Comment les entreprises globalisées peuvent retrouver leur vitalité en redonnant une identité au terrain

L’histoire nous enseigne que les civilisations meurent rarement d’un choc extérieur : elles s’éteignent de l’intérieur, lorsqu’elles perdent le lien entre leur centre et leurs marges, entre leur culture et leur identité.

Ce qui s’est produit à l’échelle des empires semble aujourd’hui se reproduire dans le monde industriel.

La mondialisation, censée ouvrir les marchés et fluidifier les échanges, a parfois eu un effet paradoxal : elle a uniformisé, dévitalisé, et conduit de nombreuses organisations à perdre le sens de ce qu’elles étaient.

Des racines fortes : quand l’entreprise incarnait un projet collectif

Les grandes entreprises industrielles européennes ont souvent commencé comme des aventures profondément humaines et locales.

Chez Pierre Fabre, Servier ou UCB, des entreprises que je connais bien et admire, ou dans d’autres maisons fondatrices de l’industrie moderne, chaque site, chaque usine, portait une identité propre, une fierté d’appartenance, une relation directe avec son fondateur.

Les décisions étaient proches du terrain, les collaborateurs comprenaient leur contribution au projet collectif, et le sentiment de “faire partie de quelque chose” alimentait la motivation et la performance.

Cette phase correspond à ce que les historiens appellent l’âge d’or d’une civilisation : celle où la vision, la cohérence et la vitalité s’équilibrent.

La globalisation : de la cohérence à la déconnexion

Avec la chute du Mur de Berlin et l’expansion des marchés mondiaux, les entreprises ont naturellement cherché à se structurer pour affronter la complexité du global.

De nombreux sièges se sont alors centralisés, les fonctions se sont rationalisées, les outils se sont standardisés.

Sur le papier, c’était pour beaucoup la promesse d’une meilleure efficience.

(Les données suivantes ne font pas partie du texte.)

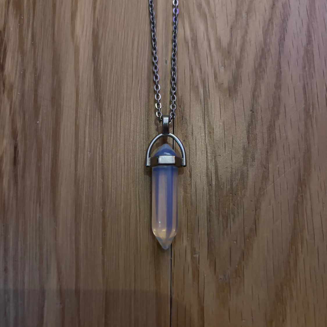Snyggt halsband med en tunn silverfärgad kedja och ett hänge i form av en spetsig kristall. Kristallen har en skimrande vit och blå ton som ger ett magiskt intryck. Perfekt för dig som gillar unika smycken med lite mystisk vibe.

Mais à mesure que le pouvoir de décision se concentrait au centre, le terrain dans ces entreprises ultra centralisées s’est progressivement vidé de son autonomie et de son sens.

Les usines, autrefois perçues comme des “entités vivantes” dotées d’un rôle stratégique, sont devenues des numéros dans une organisation mondiale, avec des marges de manœuvre réduites et une identité effacée.

Ce glissement n’a rien d’anecdotique : il marque le passage d’une organisation “incarnée” à une organisation “abstraite”. Et c’est souvent à ce moment-là que commence le déclin.

Les symptômes du déclin : perte d’engagement, bureaucratisation et désincarnation

Les organisations ne meurent pas de manque de stratégie, mais de manque de sens.

Quand les équipes ne se sentent plus reconnues, quand l’usine devient un centre de coûts, quand les décisions se prennent loin de ceux qui produisent, la désimplication s’installe.

L’énergie collective se dissout dans la complexité administrative.

La performance opérationnelle devient mécanique, déconnectée de la motivation humaine.

Les indicateurs remplacent la vision. Et, comme dans les civilisations en fin de cycle, l’organisation se fige.

Réapprendre à vivre : la renaissance par le local

Pour retrouver de la vitalité, les entreprises globalisées doivent réinventer leur rapport au terrain.

Cela ne signifie pas revenir à un modèle paternaliste ou fragmenté, mais réconcilier le global et le local.

Le global donne la direction, la cohérence, la culture commune.

Mais le local doit retrouver le droit à l’expérimentation, à la décision, à l’incarnation du projet.

Chaque usine, chaque site industriel, devrait être considéré non comme un maillon interchangeable, mais comme un centre de valeur, porteur de savoir-faire, d’initiative et de sens.

C’est ce qu’on pourrait appeler le nouveau contrat industriel : un équilibre entre la puissance du réseau global et la vitalité des racines locales.

Vers un humanisme industriel

Le XXIᵉ siècle sera celui des entreprises vivantes ou ne sera pas.

Les organisations capables de durer ne seront ni les plus centralisées ni les plus décentralisées, mais celles qui sauront combiner identité, autonomie et cohérence.

L’avenir appartient aux entreprises qui redonneront une âme à leurs territoires, une voix à leurs usines, et un sens à leur globalisation.

Car la véritable performance industrielle n’est pas seulement dans l’efficacité des systèmes : elle réside dans la vitalité des hommes et des lieux qui la font vivre.